* About this exercise: Do not copy the pictures. Write out the lines from the start of the entries through the line containing "Certificate template or".

Stored data:
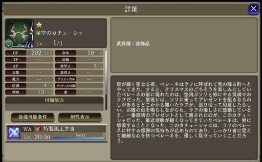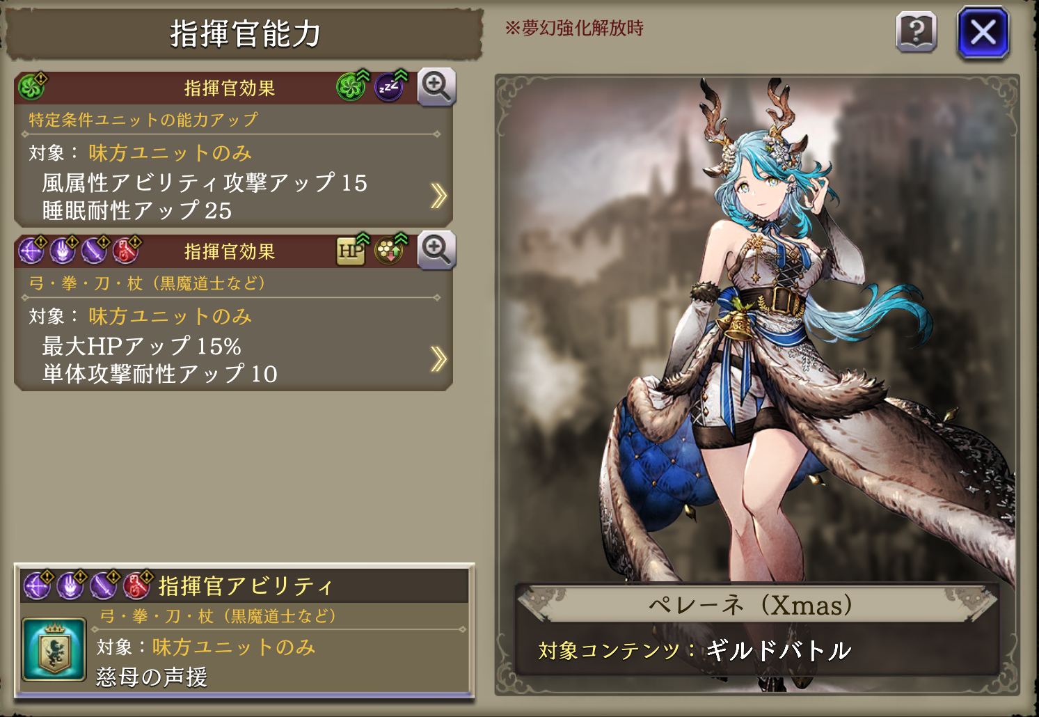 | ⇩MA2&3強化⇩ 味方の風属性ユニットのHP上限+10%・風属性アビリティ攻撃+15 自身のクリティカル率+20・範囲貫通+20・土耐性+15・治癒力+15・弱体抵抗率+30 |
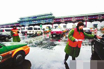 ■北京機場高速公路出現擁堵的狀況,在收費站前等待的車輛排成了長龍。 網上圖片
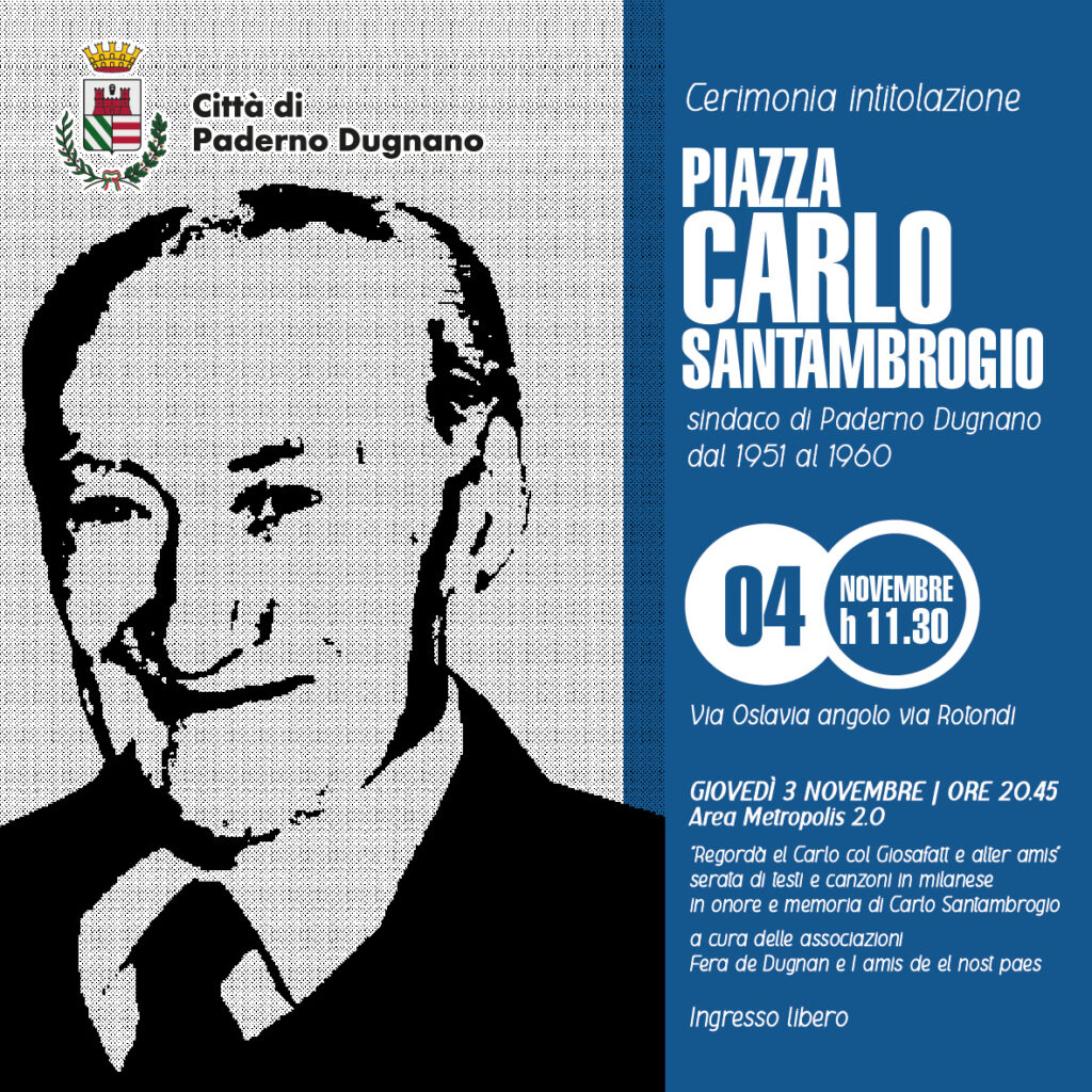 Il 3 novembre alle ore 20.45 all’ Area Metropolis 2.0 di via Oslavia 8 ci sarà una serata teatrale intitolata ” Regordà el Carlo col Giosafatt e alter amis”, con testi e canzoni in milanese in onore e memoria di Carlo Santambrogio: sindaco di Paderno Dugnano dal 1951 al 1960.
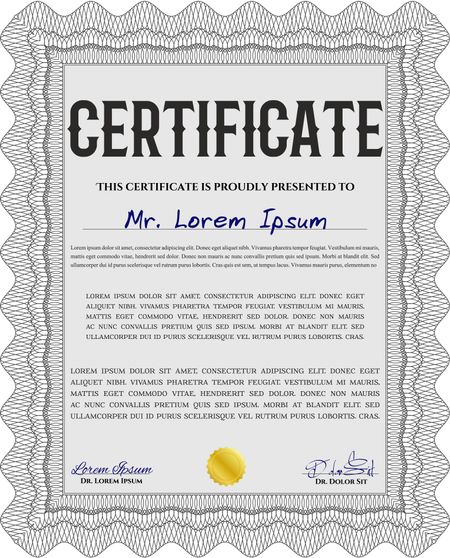 Certificate template or diploma template. Complex background. Vector pattern that is used in currency and diplomas.Beauty design. Grey color.
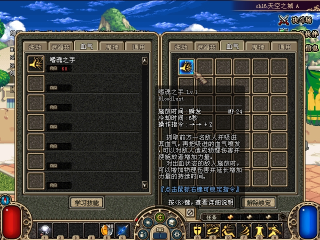 我选择偷学狂战士的嗜魂之手,PK过图都是很有用的技能哇!之后我们可以看到,其他技能仍可以学哦。这就表示,三个技能,只要是实用滴,只要你SP够多滴。那么就可以学习其他的技能或提升已偷学的技能等级哦!
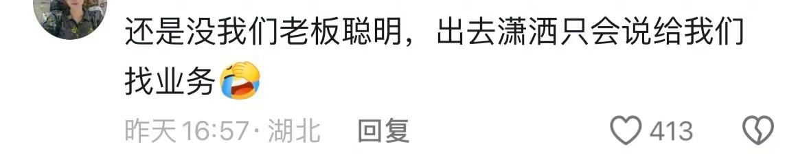 这一看就是上过班的,一针见血。还有网友留言:还是没我们老板聪明,出去潇洒只会说给我们找业务。
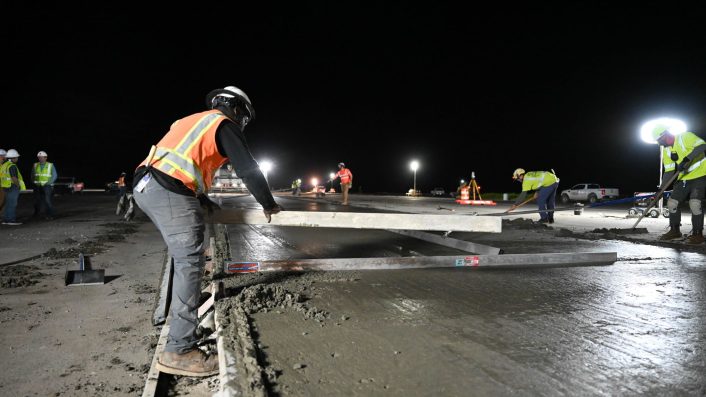U.S. Army Corps of Engineers and members of a contracted construction company pour concrete onto the runway at Ellsworth Air Force Base, S.D., Jun. 18-19, 2025. (Image credit: USAF/Airman 1st Class Alec Carlberg)

* Exercise answer:
 | ⇩MA2&3強化⇩ 味方の風属性ユニットのHP上限+10%・風属性アビリティ攻撃+15 自身のクリティカル率+20・範囲貫通+20・土耐性+15・治癒力+15・弱体抵抗率+30 |
 ■北京機場高速公路出現擁堵的狀況,在收費站前等待的車輛排成了長龍。 網上圖片
 Il 3 novembre alle ore 20.45 all’ Area Metropolis 2.0 di via Oslavia 8 ci sarà una serata teatrale intitolata ” Regordà el Carlo col Giosafatt e alter amis”, con testi e canzoni in milanese in onore e memoria di Carlo Santambrogio: sindaco di Paderno Dugnano dal 1951 al 1960.
 Certificate template or diploma template. Complex background. Vector pattern that is used in currency and diplomas.Beauty design. Grey color.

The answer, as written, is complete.